Republican scholars are more likely than Democrats to end up working outside academia,as documented by Daniel Klein, an economist at George Mason University. Dr. Klein, who calls himself a classical liberal (a k a libertarian), says that the university promotes groupthink because its system of “departmental majoritarianism” empowers the dominant faction to keep hiring like-minded colleagues. And when a faculty committee is looking to hire or award tenure, political ideology seems to make a difference, according to a “collegiality survey” conducted by George Yancey.
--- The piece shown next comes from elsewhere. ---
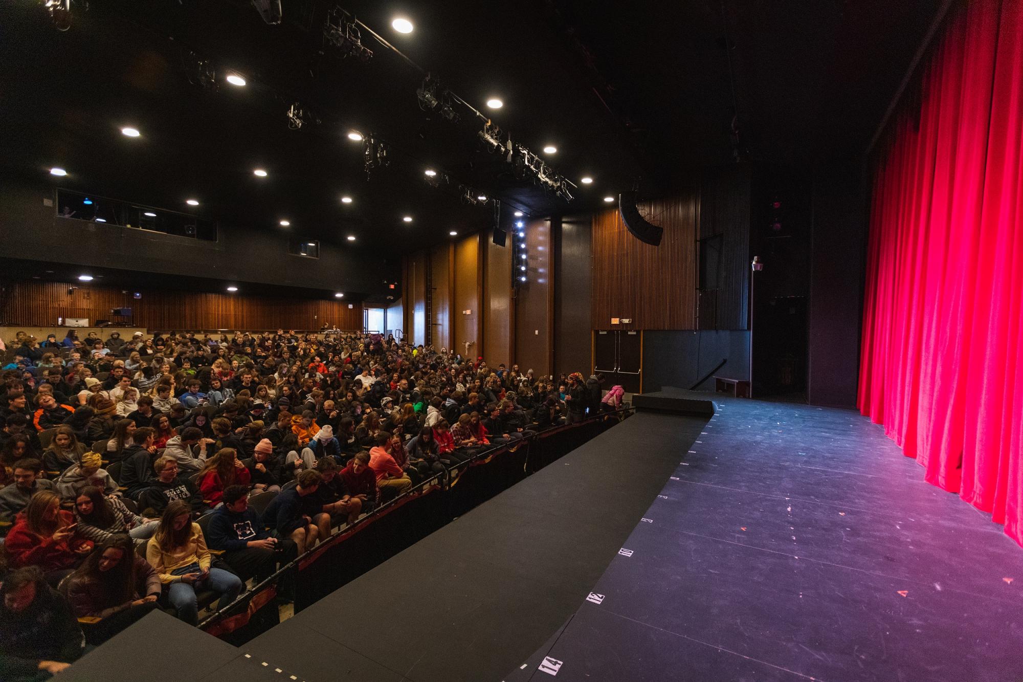 The Forest Roberts Theatre is NMU's mainstage theater and the first of two playing spaces located on our campus! It seats about 515 people and is typically where musicals and larger plays are performed. In the past few years, productions such as Mamma Mia!, Sweeney Todd, Noises Off, The Addams Family, Chicago, Little Shop of Horrors, and Les Miserables have been performed in this space. The lower part that you can see at the front of the stage is a pit space that can be covered or uncovered depending on the needs of a specific show. The FRT is a fairly versatile space and has many capabilities; during Les Miserables, for example, the entire barricade was lifted up from the green room directly underneath the stage! The FRT also gets rented out for several events throughout the year, including Superior Arts Youth Theatre productions and NMU Music Department concerts and film showings.

Dr. Yancey, a professor of sociology at the University of North Texas, asked more than 400 sociologists which nonacademic factors might influence their willingness to vote for hiring a new colleague. You might expect professors to at least claim to be immune to bias in academic hiring decisions.
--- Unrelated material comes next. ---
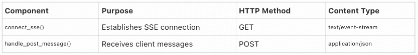 if self.is_json_response_enabled: # Process the message metadata = ServerMessageMetadata(request_context=request) session_message = SessionMessage(message, metadata=metadata) await writer.send(session_message) try: # Process messages from the request-specific stream # We need to collect all messages until we get a response pass finally: await self._clean_up_memory_streams(request_id)else: # Create SSE stream sse_stream_writer, sse_stream_reader = anyio.create_memory_object_stream[dict[str, str]](0) async def sse_writer(): # Get the request ID from the incoming request message

But as Dr. Yancey reports in his new book, “Compromising Scholarship: Religious and Political Bias in American Higher Education,” more than a quarter of the sociologists said they would be swayed favorably toward a Democrat or an A.C.L.U. member and unfavorably toward a Republican. About 40 percent said they would be less inclined to vote for hiring someone who belonged to the National Rifle Association or who was an evangelical. Similar results were obtained in a subsequent survey of professors in other social sciences and the humanities.

Dr. Yancey, who describes himself as a political independent with traditional Christian beliefs and progressive social values, advises nonliberal graduate students to be discreet during job interviews. “The information in this research,” he wrote, “indicates that revealing one’s political and religious conservatism will, on average, negatively influence about half of the search committee one is attempting to impress.”

Dr. Yancey’s research was a survey, not a field experiment, so it’s impossible to know how many of those academics who confessed to hypothetical bias would let it sway an actual decision. Perhaps they’d try to behave as impartially as the directors of graduate studies in Dr. Gross’s experiment.

The lecture is a real eye-opener. It turns out that in academia, you are likely to be viewed the same way as blacks were viewed by slave-owners, and Jews were viewed by Nazis. Stereotypes, ignorance and hatred abound.

We have a lot of work to do to correct these perceptions, and unfortunately nothing that Christians see and hear in church is likely to change this. Until we get serious about prodding our young people to think and achieve, this is what people on the secular left will think of us. Not because they really are smarter, but because we are not capable of pointing out the nonsense on their side of the aisle, e.g. – eternal universes, aliens seeding the Earth with life, fatherlessness is good for children, and so on. If we don’t study the evidence, then their stupidity will rule the day, and they are the ones who are entrenched in academia.